My calculus skills seem to have left me.
Posted by Dagonee (Member # 5818) on :
*runs screaming from the building*
Posted by Shan (Member # 4550) on :
Do your own homework!
(snigger)
Posted by King of Men (Member # 6684) on :
Well, if I am understanding the question, you are trying to integrate with respect to the inverse of dx? I'm not totally convinced that is well defined, but it's been a long day and I haven't had dinner yet. Try using the chain rule to express (1/dx) in terms of just plain dx and some power of x. I'll have another look after dinner, when my brain is operating properly.
Posted by Stray (Member # 4056) on :
Argh, I should know these. Calculus wasn't that long ago
Posted by LockeTreaty (Member # 5627) on :
If I understand it correctly you are just asking for the integral of 1 and x^2. Those integrals would be x + C and (1/3)x^3 + C.
Posted by Bokonon (Member # 480) on :
That looks like it's a Differential Equations problem. I'd check my old textbook, but I'm not at home.
Argh!
-Bok
[ November 11, 2004, 05:51 PM: Message edited by: Bokonon ]
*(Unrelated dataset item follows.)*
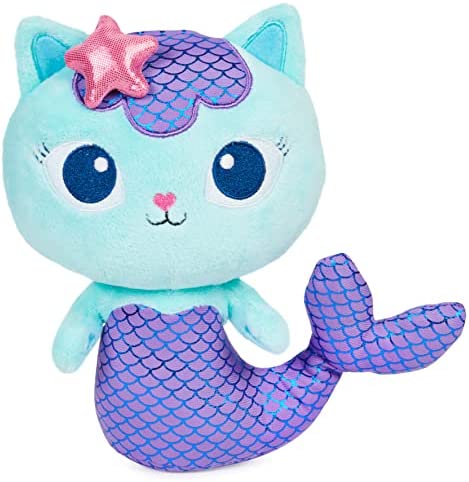 Bring home the irresistible kitty characters from Gabby’s Dollhouse with the Purr-ific Plush! This adorable MerCat plush toy features both metallic mermaid fabric and super soft fabric, and embroidered details, bringing Gabby’s cat-tastic friend to life. At 8-inches tall, MerCat is the perfect size for cuddles or playtime, at home or on-the-go! From Gabby’s best pal Pandy Paws’ signature pointy ears, Cakey Cat’s sweet sprinkle details, Baby Box Cat’s polka dot dress and more, each Purr-ific Plush stuffed animal (each sold separately) looks just like the character from the NETFLIX original series. Kids can collect all of the cuddly soft toys from the show and use their imagination to create their own adventures with their new plush pals. Snuggle up with the Gabby’s Dollhouse MerCat Purr-ific Plush!

Posted by ssywak (Member # 807) on :
⌠dx = X + C ⌡
⌠x^2dx = (X^3)/3 + C ⌡
But 1/dx ??? That seems to point towards differentiation, not integration.
(Darn! Locke Treaty beat me to it!)
Posted by HollowEarth (Member # 2586) on :
Its a text book typo. I looked the formula up elsewhere. thanks though.
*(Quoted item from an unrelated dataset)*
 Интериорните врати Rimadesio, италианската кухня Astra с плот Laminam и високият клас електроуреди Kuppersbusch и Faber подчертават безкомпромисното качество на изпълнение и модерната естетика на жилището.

Posted by King of Men (Member # 6684) on :
Right. Blood sugar, amazing stuff. We have
d(1/x) = -(1/x^2)dx,
which should give you what you need.
Posted by ssywak (Member # 807) on :
That would be...
⌠(1/x^2)dx = -1/X + C ⌡
But...
⌠(1/x)dx = ln(X) + C ⌡
This is your homework, isn't it?
Posted by Bokonon (Member # 480) on :
So what was the question supposed to be? For the record, I coulda come up with the other solutions, but I was assuming the question was correct. So there.
-Bok
Posted by HollowEarth (Member # 2586) on :
Well, it wasn't really homework. That is to say doing that integral was not a necessary part of my homework. It comes from a typo in
d[ΔGfus/T] = - (ΔHfus*dT)/T^2
Which through subsequent steps becomes an expression that relates the mole fraction to depressed freezing point in an ideal binary solid-liquid equilibrium system. This expression has various assumptions in it, for example that the ΔHfus is a constant between ~10 and ~90C, but it gives rather good results for a naphthalene/biphenyl system, ( < 1% error in experimental melting points)
I was attempting to work through the derivation myself, but hit this integral that i couldn't integrate, which it turns out, I didn't have to.